David was watching his weight. He’d always been careful, but since he’d hit forty several months ago, he’d become almost obsessed. However, he hadn’t been able to resist my baking so far.

‘You can have two, that’s all.’ Adam smiled at me, revealing the tram-track braces that he wore back then. ‘Just don’t tell the girls.’

‘What isn’t Adam to tell us?’ Georgia kicked off her outdoor shoes inside the back door, followed by Sophie who headed straight for the biscuits, padding across the floor in wet socks. ‘Adam! What did Mum say? Why are you eating a biscuit?’ Georgia turned to me, all serious. ‘Mum, you said we couldn’t have one.’

‘It isn’t fair,’ Sophie began.

‘All right,’ I said quickly, not wishing to be drawn into a debate. ‘Two each, and you’d better eat your tea,’ I added as I watched the biscuits disappearing from the rack.

Georgia nibbled at hers, the picture of restraint in a long navy coat.

‘They’re yummy,’ said Sophie, showering her school sweatshirt with crumbs. ‘Mummy, what does boudoir mean?’

‘It’s a lady’s bedroom,’ I said.

Sophie frowned.

‘Why does the lady have her own bedroom?’ she asked, all innocence. ‘Why doesn’t she share it with her husband, like you and Daddy?’

‘She might be divorced,’ said Georgia matter-of-factly. ‘Mrs Webber was in tears last week at school because her husband’s left her.’

‘Are you sure?’ Mrs Webber, Georgia’s teacher at
school, had married only last term. I remembered because Georgia spent hours making her a card.

‘She was so upset, she hid in the cupboard in the classroom and wouldn’t come out till break-time.’

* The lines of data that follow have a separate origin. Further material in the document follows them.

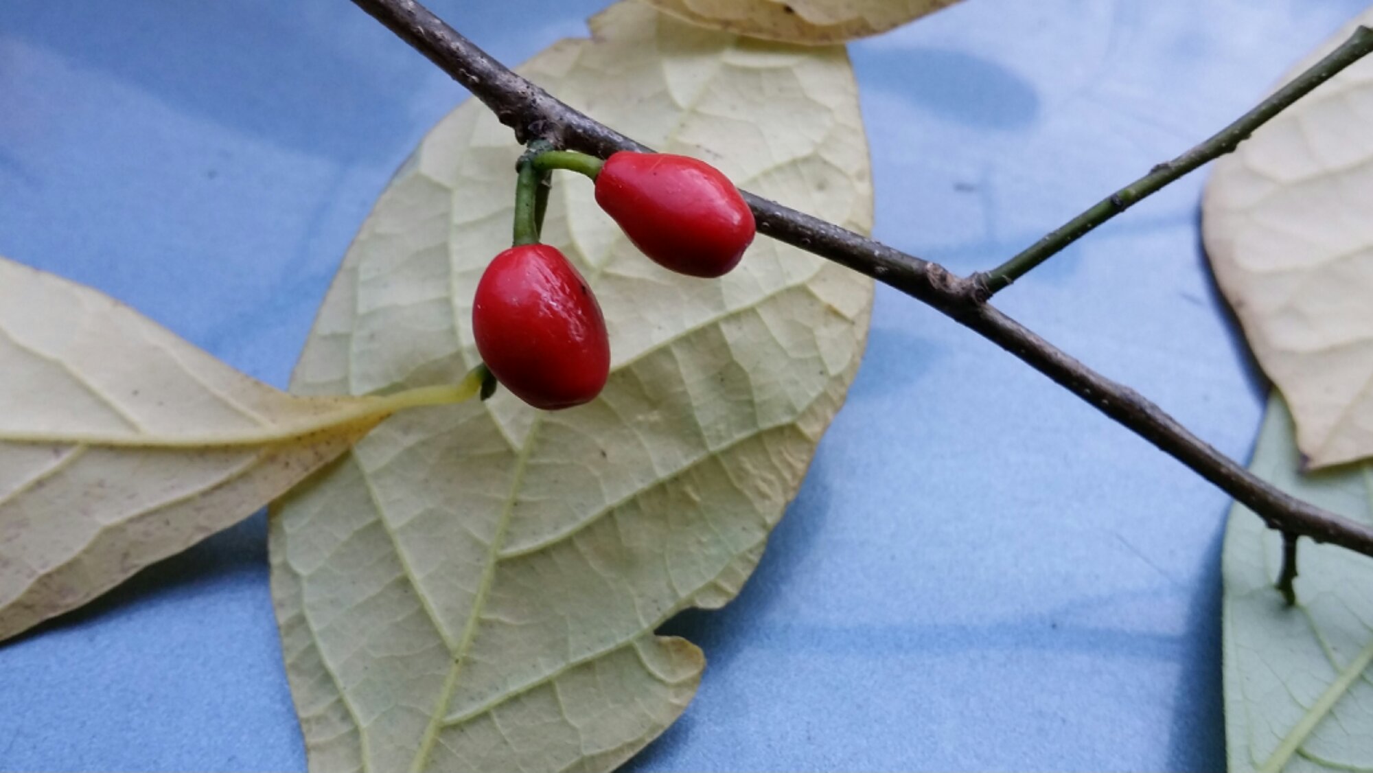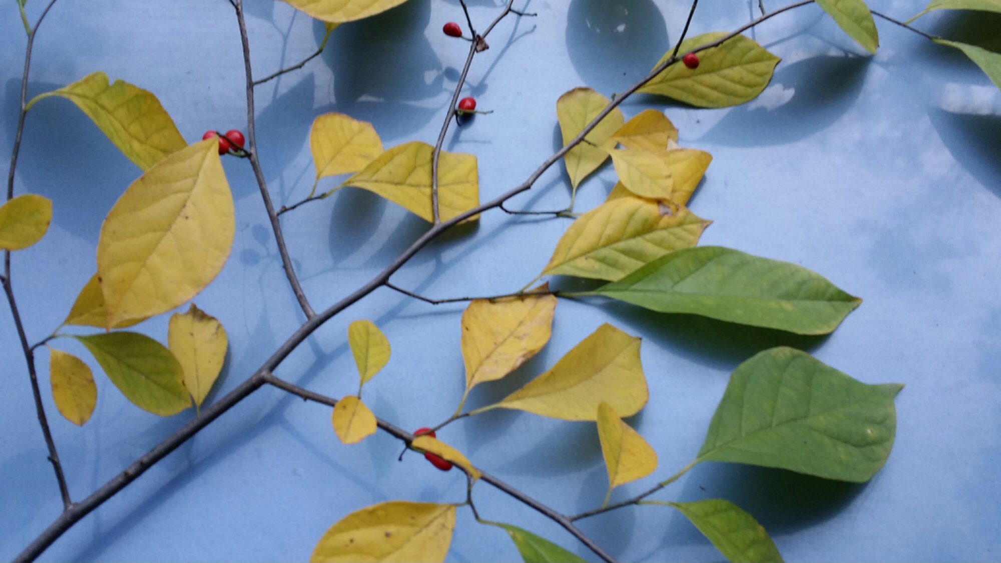 Spicebush turns a beautiful orange color in the fall and has distinct red fruit with huge black seeds inside.
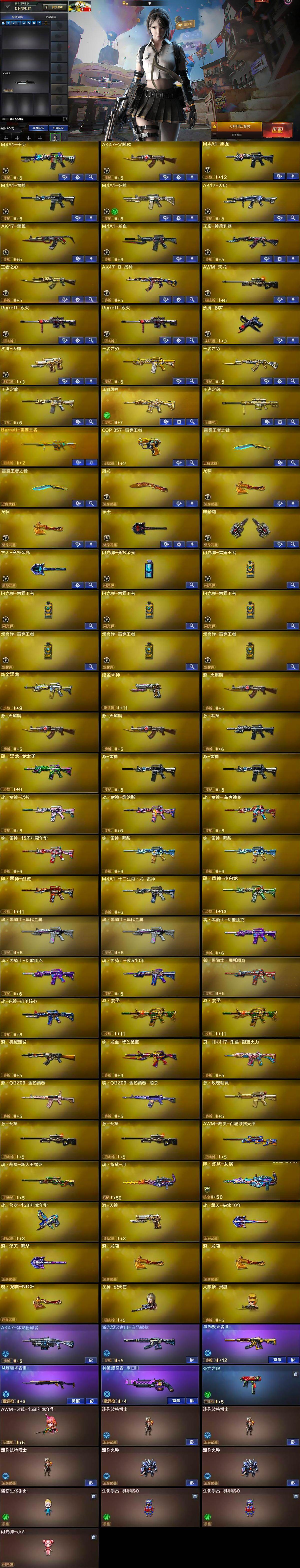 【英雄级武器】:M4A1-千变,AK47-火麒麟,M4A1-黑龙,M4A1-雷神,M4A1-死神,AK12-天启,AK47-黑鲨,M4A1-龙血,无影-神兵利器,王者之心-觉醒版,AK47-B-战神,AWM-天龙,Barrett-毁灭*2,沙鹰-修罗,沙鹰-天神,屠龙,龙啸*2,擎天,麒麟刺,擎天-竞技荣光,闪光弹-竞技荣光,闪光弹-雷霆王者-觉醒版*4,烟雾弹-雷霆王者-觉醒版*3
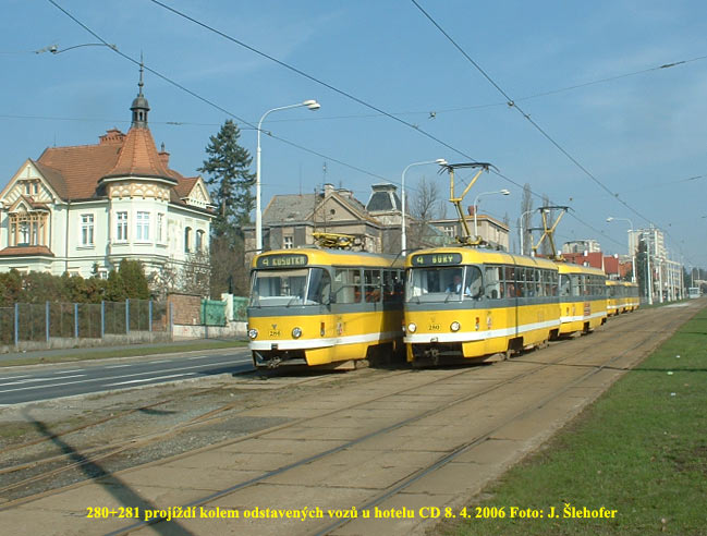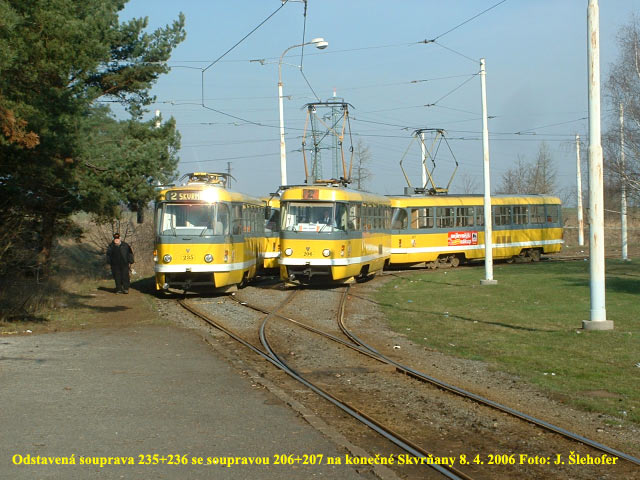 dostatek souprav pro vypravenost v pracovní dny, bylo několik vozů T3M zpět spojeno do souprav (213+214, 221+222, 227+228).
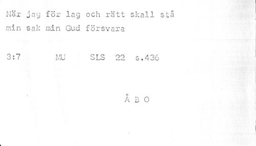 //// När jag för lag och rätt skall stå ; //// min sak min Gud försvara //// 3:7 MU SLS 22 s.436 1 //// i //// ÅBO //// I ////
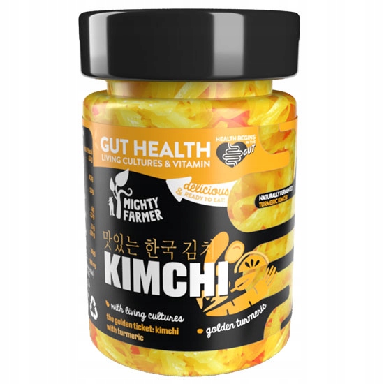 Она имеет прекрасный вкус, усиливает аромат блюд, ценится за низкую калорийность и содержание витаминов С и А, железа и кальция. Кимчи можно есть сырым, в качестве закуски или дополнения к блюдам – например, к мясу или тофу, но оно также является отличным ингредиентом для теплых блюд. Производство: Португалия.Состав: капуста китайская 59%, репа, вода, лук репчатый, ингредиенты: капуста белокочанная 59%, репа, вода, лук репчатый, лук-порей, соль, куркума сушеная 1,4%, чеснок, сахар, имбирь, Bacillus coagulans, антиоксидант: аскорбиновая кислота.
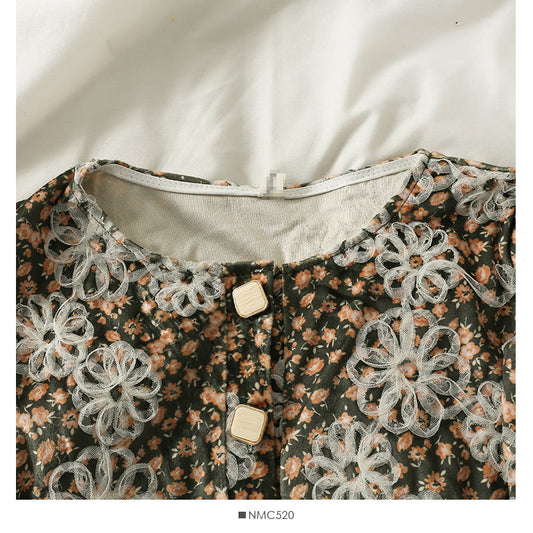 Hong Kong Vintage printed round neck single breasted cardigan top women's jacket 2115
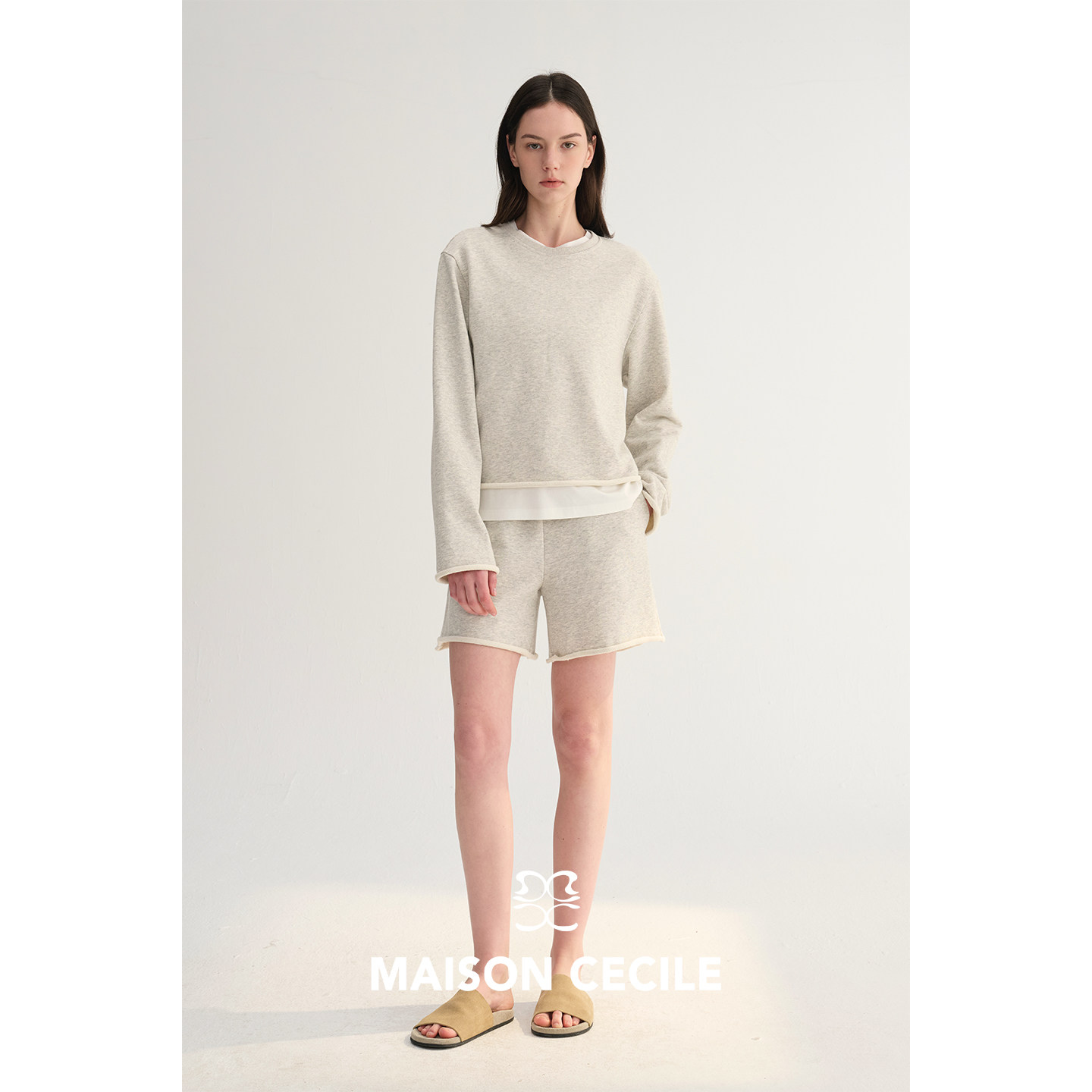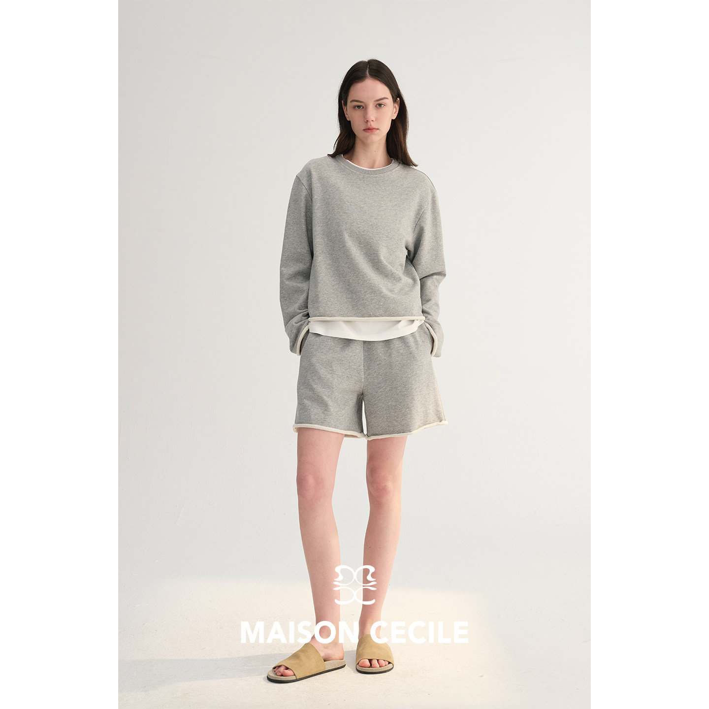 MC两色|高支棉感舒适松弛感休闲懒人卷边运动套装MAISON CECILE

I thought of Mrs Webber’s encouraging notes written in the margins of Georgia’s schoolbooks. ‘Well done, Georgia. Super work. You’ve tried very hard.’ And I thought – smugly, because I reckoned I deserved to be smug after fourteen years of working at mine – that Mrs Webber obviously hadn’t made that much of an effort to save her marriage.